What Causes Hiccups? The Science Of Hiccups And Search For A Cure

Jamie Hayes

What Causes Hiccups?

No matter who you are, no matter where you’re from, one thing that every human being has in common is the hiccups. You could be a high-powered CEO or a fast-food worker, or you could still be in your mother’s womb—everyone gets the hiccups. So do cats, rats, dogs, and elephants. But why does it happen? What purpose does it serve? The weird thing with hiccups is, even though it’s something that affects everyone, we honestly still don’t exactly know. It’s a bit like asking why cats purr, or why we dream: science has produced a few good theories, but the details are a bit fuzzy. That being said, we do have some answers…

Hiccups: the Basics

Hiccups aren’t a complete mystery. We do know quite a lot about them. We know that they’re an involuntary contraction of the diaphragm (the muscle above the stomach that controls breathing). A fraction of a second after the contraction occurs, the vocal cords snap shut, causing the “hic” sound that gives hiccups their onomatopoeic name.

We also know that there are countless things that can make us start hiccuping. Drinking too fast, eating too fast, eating spicy food, swallowing air, and laughing can all start the hics. And yes, like any other condition you can search on the internet, hiccuping can also be an indicator of something more serious, like brain problems, meningitis, stroke, multiple sclerosis, or cancer. But remember, Google will tell you that anything could be cancer. I wouldn’t get too worried about your hiccups.

Finding a Cure for Hiccups

As with any other physical anomaly, persistent hiccups (ie. lasting for two days or more) probably warrant a trip to the doctor, but the vast, vast majority of cases simply pop up, last for a brief time, then solve themselves. The fact that they go away on their own has, of course, led to the countless home remedies that we all know. There’s a very good chance that if you breathe into a bag, or stand on your head, or drink water upside down, or eat a spoonful of peanut butter, that it will “cure” your hiccups. Would they have gone away on their own? Probably, but whatever floats your boat.
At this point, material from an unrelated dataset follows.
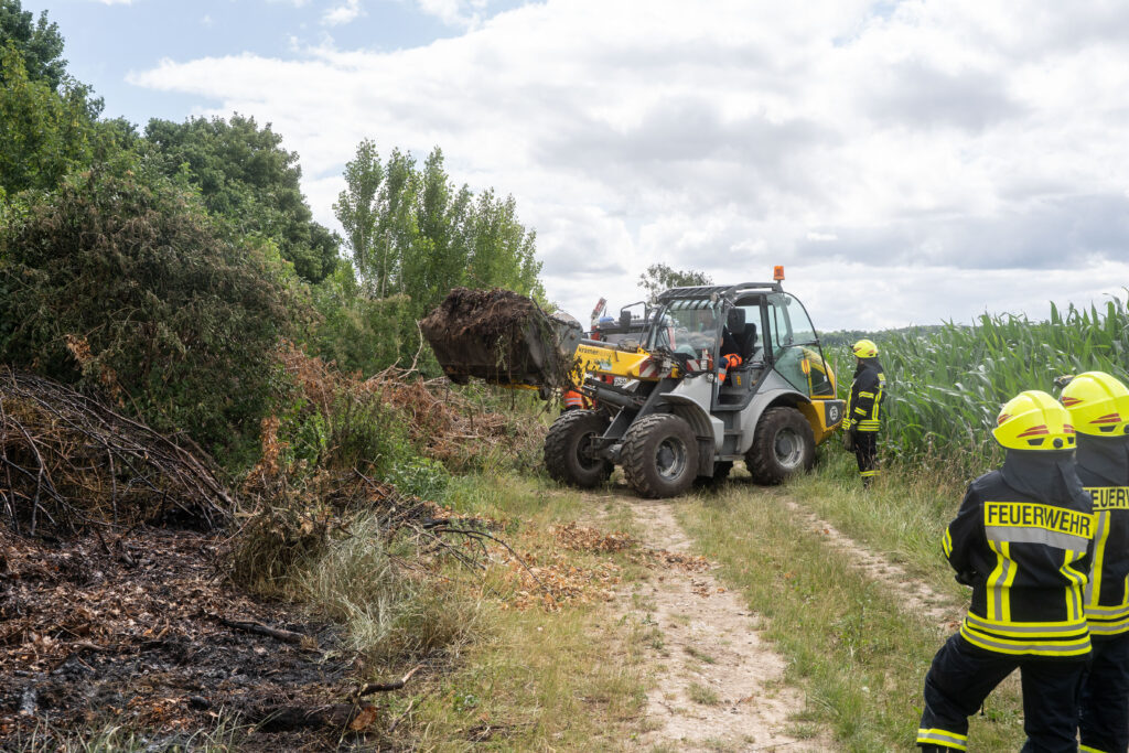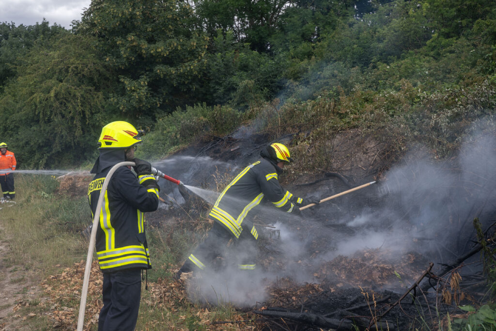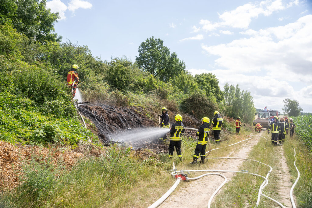 Zur Brandbekämpfung wurden insgesamt vier Strahlrohre eingesetzt. Ziel war die zügige Brandbekämpfung sowie die Verhinderung einer Ausbreitung auf umliegende Grünflächen. Für die effektive Brandbekämpfung wurde das Brandgut mit Mistgabeln auseinandergezogen. Als diese Mittel nicht mehr ausreichten, wurde ein Radlader des Bauhofs zur Einsatzstelle beordert, der das Wenden und Auseinanderziehen übernahm.

That’s not to say that doctors haven’t tried to come up with some more scientific methods of curing the hiccups. They don’t always go away on their own, and persistent hiccups can cause significant discomfort. Medical treatments range from something as simple as deep breathing to what’s called a vagus nerve stimulator, which sends bursts of electricity straight to the brain. Some studies have even found that—hear me out—“persistent digital rectal massage” can be an effective treatment for hiccups. What I’m saying is, if it gets really bad, at least you’ve got some options.

But for all the folk remedies, medical treatments, and rectal massages, a clear, specific way to stop hiccups still eludes us. Medical science has figured out so much about the human body, but this is one thing that we just can’t nail down. Maybe that’s because, for all the things we can say cause the hiccups, we still don’t exactly know why they happen.

Evolution is a funny thing. It’s far from perfect, and we’re often left with strange throwbacks that don’t serve much of a purpose. Human beings could probably do without the appendix at this point, but it’s there nonetheless. The bowhead whale has leg bones that just sit in its body doing absolutely nothing, an evolutionary remnant of its land-bound ancestors. But, in the whale’s case, we can at least look at those bones and say “those used to be legs.” With hiccups, the origin isn’t nearly as obvious.

Why Do Hiccups Happen?

There are several theories as to why hiccups happen. It’s been suggested that they are meant to protect us while we’re still in the womb. After all, fetuses do hiccup, so perhaps the reflex of the vocal cords shutting is meant to prevent us from inhaling amniotic fluid? Another theory goes much further back on the evolutionary tree, and posits that hiccuping comes from our ancient amphibian ancestors. Since amphibian tadpoles have lungs and gills, a rapid closing in the throat allows water to pass over their gills without entering the lungs. Modern amphibians do this, and it looks kind of similar to the human hiccup, so maybe that’s it?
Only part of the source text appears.